The sad part of finance is that it is not only prone to numerous incidents like these, but it is also shaped by financial crisis. There have been many such significant financial crises over the past three hundred years. These included the 1720 South Sea Bubble crisis, the Panic of 1792, the Latin American Crisis of 1825, the Cotton Crisis of 1837, the Railroad Crisis of 1857, the Long Depression of 1873, the Knickerbockers Crisis of 1907, Black Monday and the Wall Street Crash of 1929, the 1973-1974 Arab Oil Crisis, 1987 Black Monday, the Asian Crisis of 1997, and the Dotcom Crash of 2001.

The most recent financial crisis which rocked the international world was the Global Financial Crisis of 2008. Economists have determined that this proved to be the most devastating economic disaster for the world since the 1929 Great Depression which lasted nearly a decade. It led to what has become known as the Great Recession. Strangely enough, while the other financial crises which preceded it could be pinpointed to a main reason or singular event, the Global Financial Crisis could not be.

Instead this economic disaster resulted from a chain of events. Each of these had their own trigger. The crisis was so severe that it nearly caused a complete failure of the American and global banking systems. Economists have made the case that the crisis’ roots dated back to the decade of the 1970s. The Community Development Act proved to be responsible for developing the market for the one-day toxic subprime mortgages. It was this act that mandated banks had to relax their credit standards for those minorities who were lower income earners.

It turned out to be these quasi-government agency guaranteed subprime mortgage debts that expanded dangerously through the early years of the 2000s. Both the primary government sponsored entities Fannie Mae and Freddie Mac were guaranteeing the toxic mortgages. As these loans were booming, the Federal Reserve (American Central Bank) was drastically slashing interest rates after the dotcom crash of 2001 to stave off a national recession from the stock market collapse. In the end, these dual scenarios of cheap money fueled by dramatically lower interest rates and loosened credit requirements brought on by the Community Development Act worked together to create a housing bubble. The ensuing speculation and positive feedback only encouraged home prices to rise still further.

At the same time, the wily investment banks were seeking easy money gains after the 2001 recession and dotcom bust. They invented the fanciful CDOs collateralized debt obligations from mortgages they bought up on the secondary market. By bundling both prime and subprime mortgages together into single instrument investments, they deceived unknowing investors into purchasing highly risky CDO products.

As the CDO market really took off, the housing bubble started bursting. Along with falling home prices, the subprime borrowers started defaulting on their loans en masse. They either could not or would not make payments any longer on those loans that then turned out to be higher than the value of the homes. This only exacerbated the home price decline situation.

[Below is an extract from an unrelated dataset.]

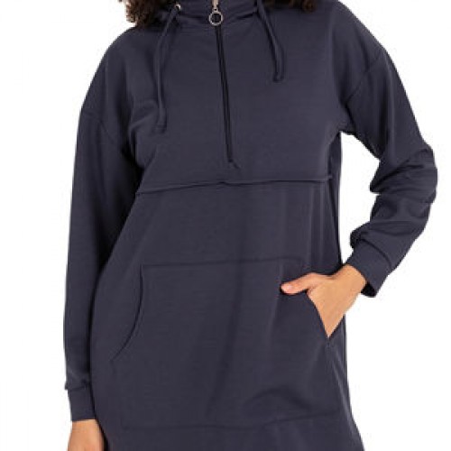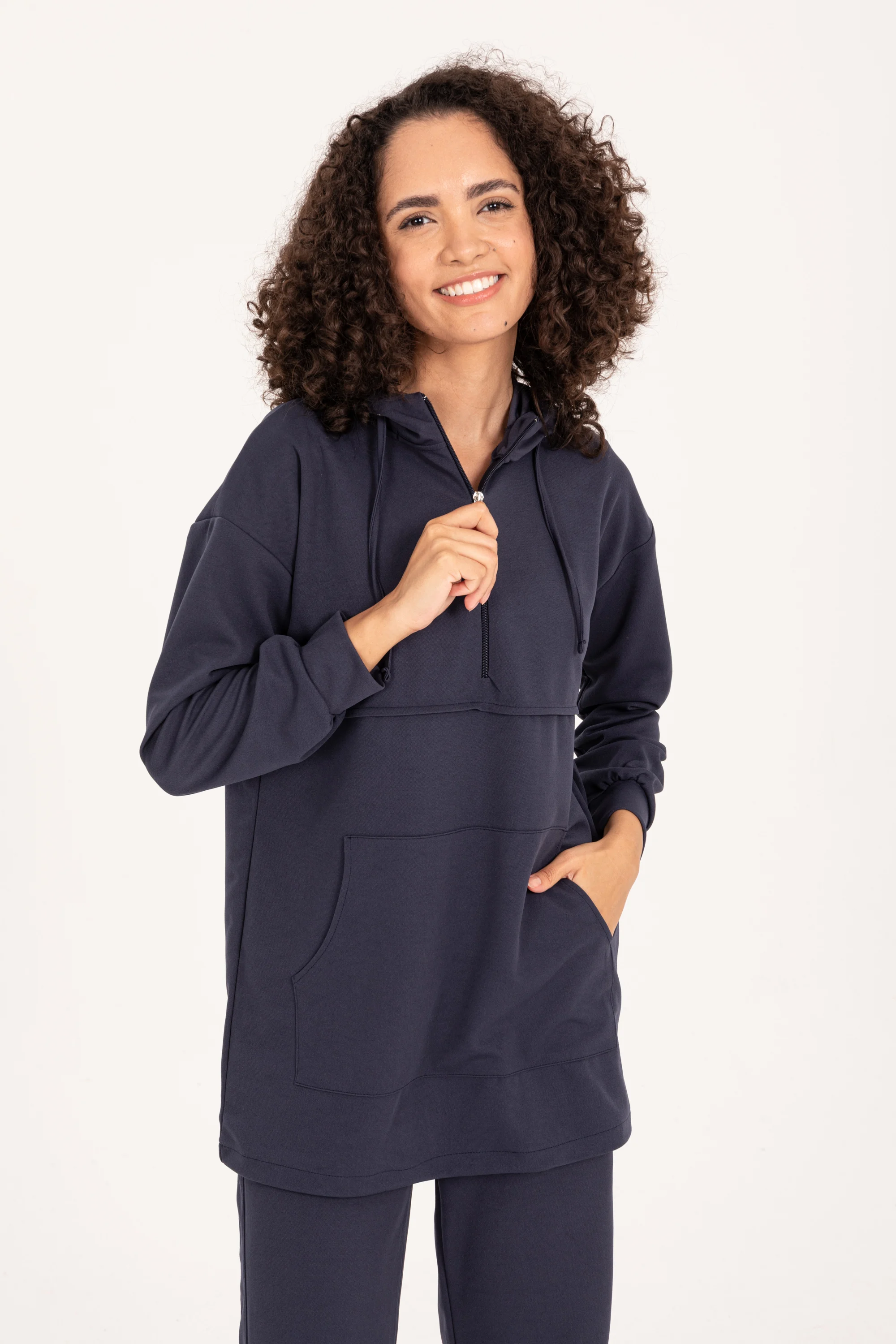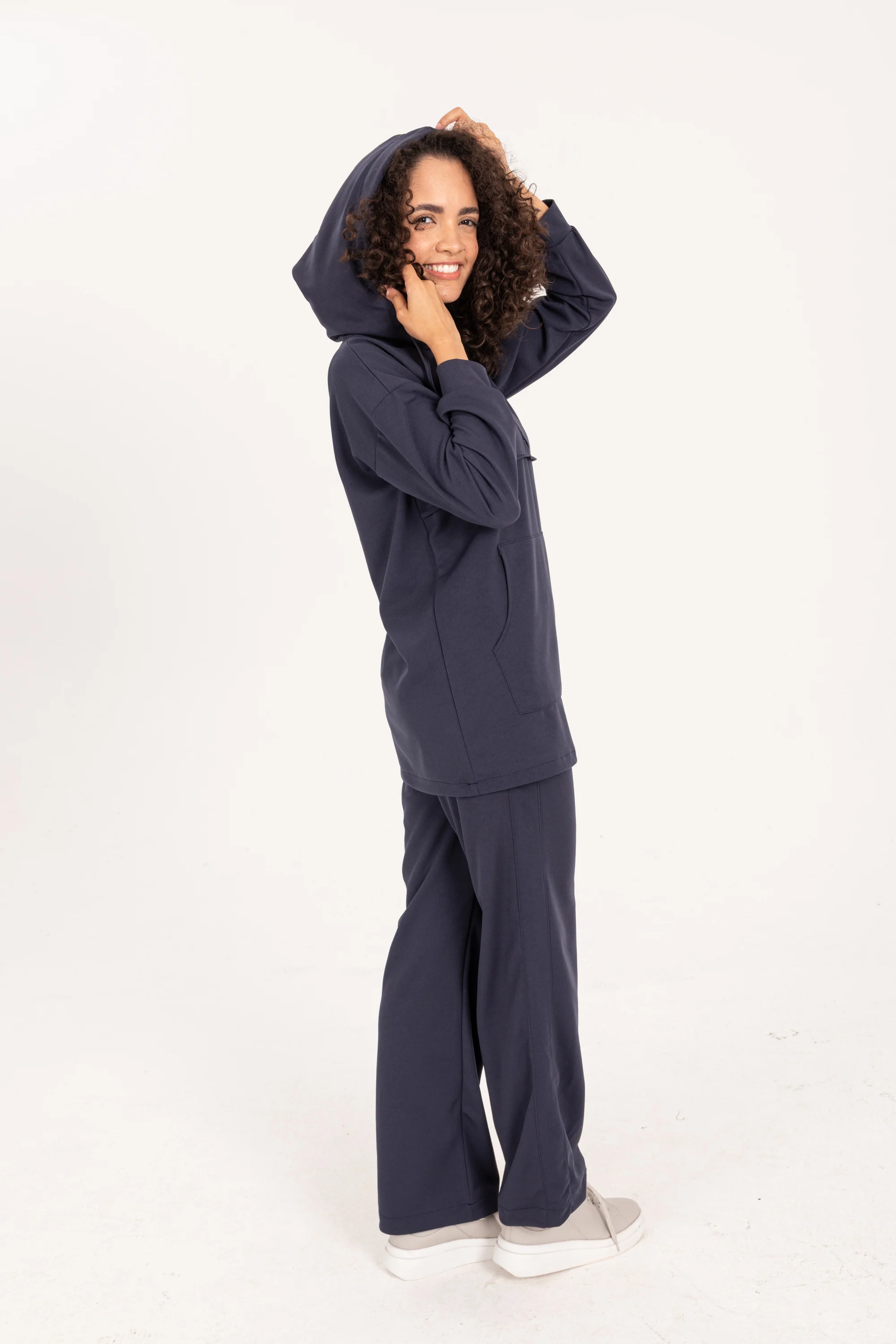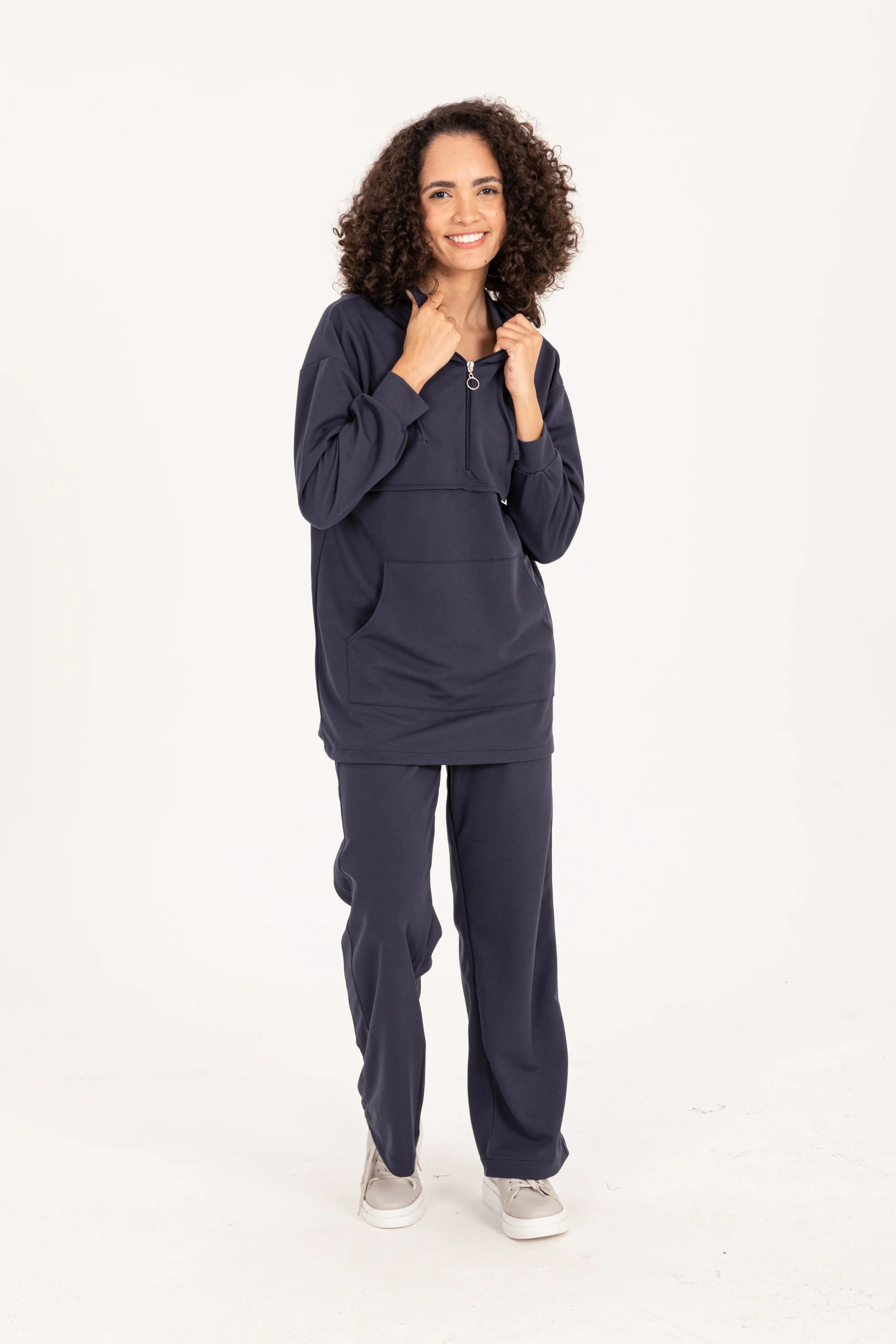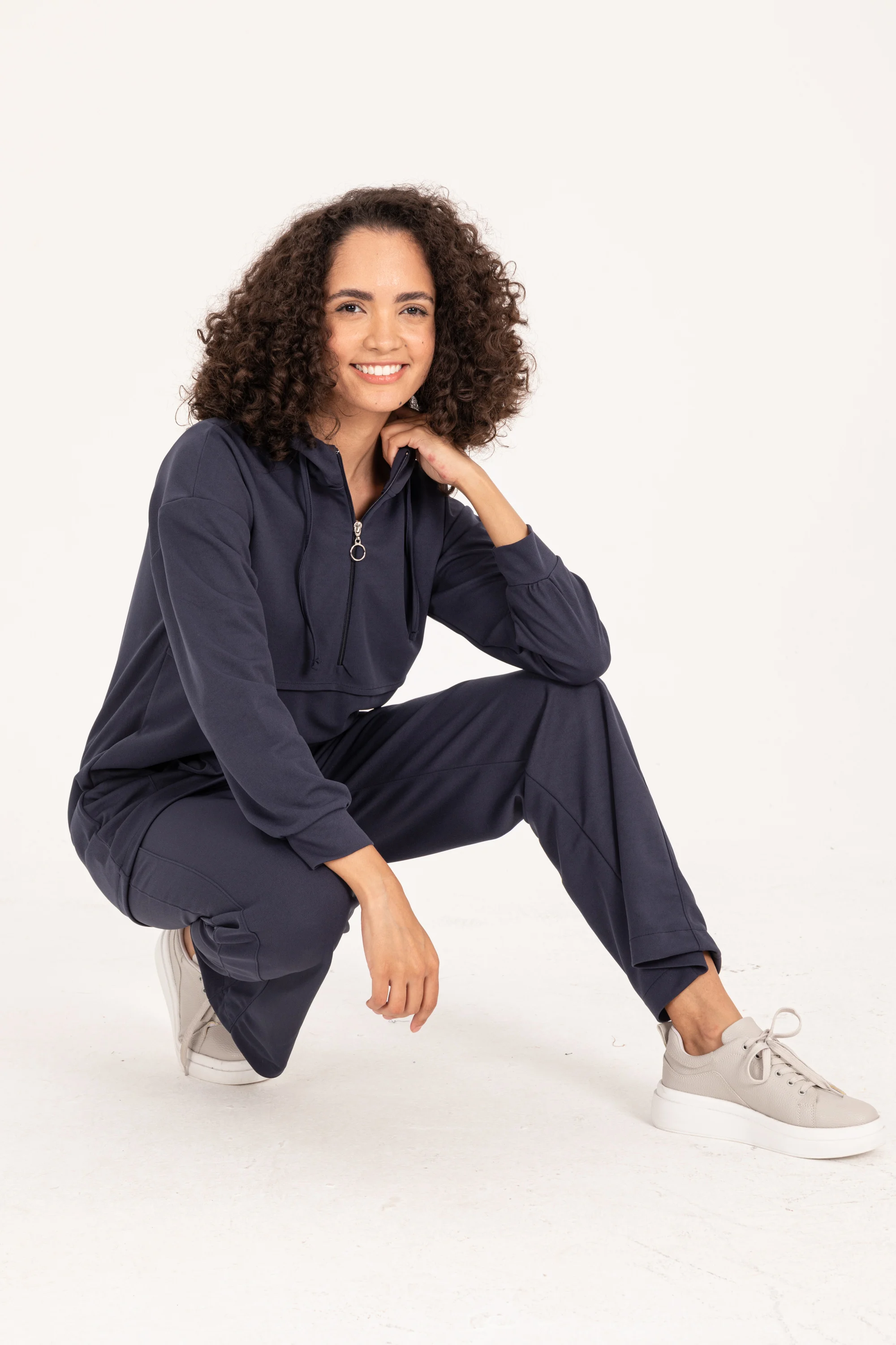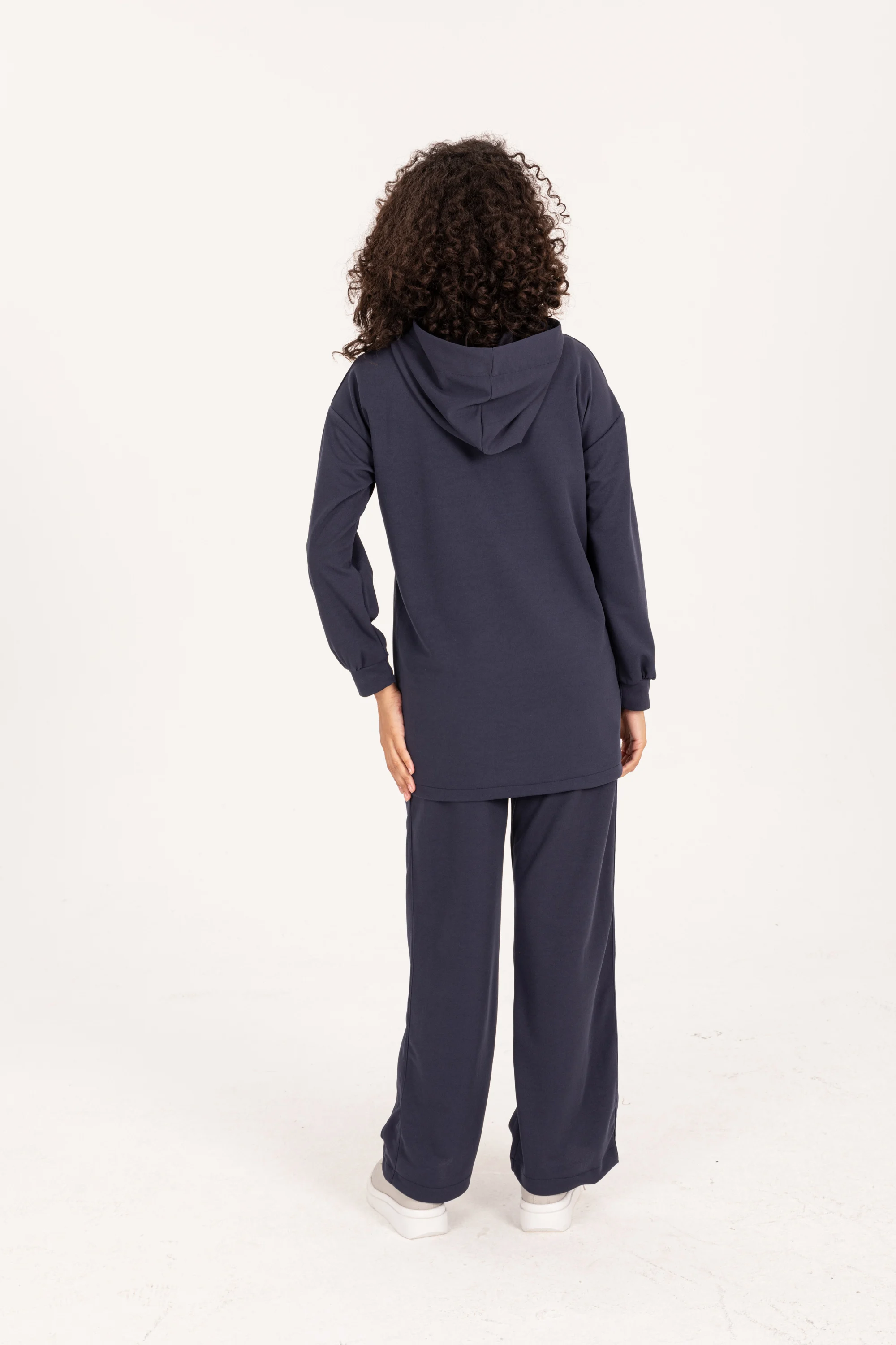 HIGH QUALITY HOODED AND ZIPPERED KNITTED NAVY BLUE TWO PIECE WHOLESALE WOMEN'S SET
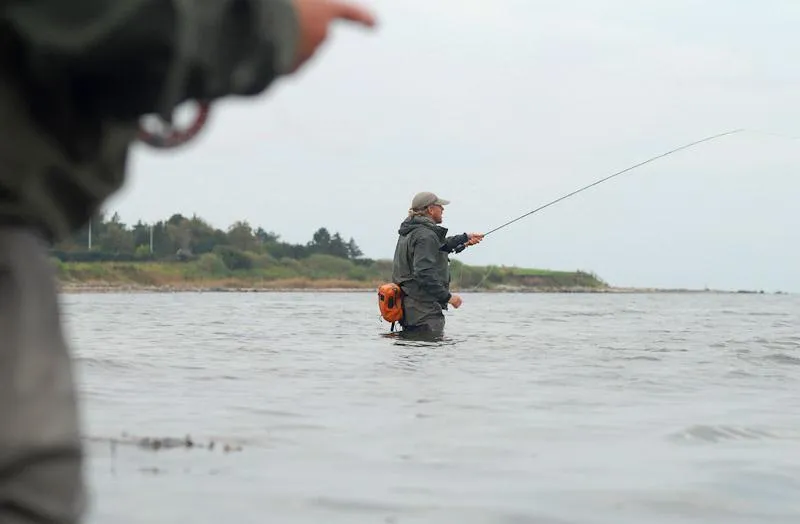 The angler poking into the foreground tells us in no uncertain terms that the angler in the center isn't alone, but without taking any attention away from the main subject

Investors next realized that the CDOs they had bought in droves were declining to near worthless. This resulted from the toxic mortgage debt that underlay them. Investors attempted to offload the paper, but they found the market had disappeared. This then led to a perilous wave of subprime lending institution failures. It caused a dry up in liquidity and a subsequent contagion which filtered through to the highest echelons of the banking world and system.

Thanks to their huge exposure to the subprime mortgages and CDO debt obligations, the two enormous investment banks Bear Stearns and Lehman Brothers collapsed without warning. Over 450 other banks then subsequently failed throughout the following five years. Had it not been for a government-administered and taxpayer-funded bank bailout, a few of the mega banks would have failed as well alongside those that did, including such national venerable institutions as Washington Mutual, Wachovia, and Merrill Lynch.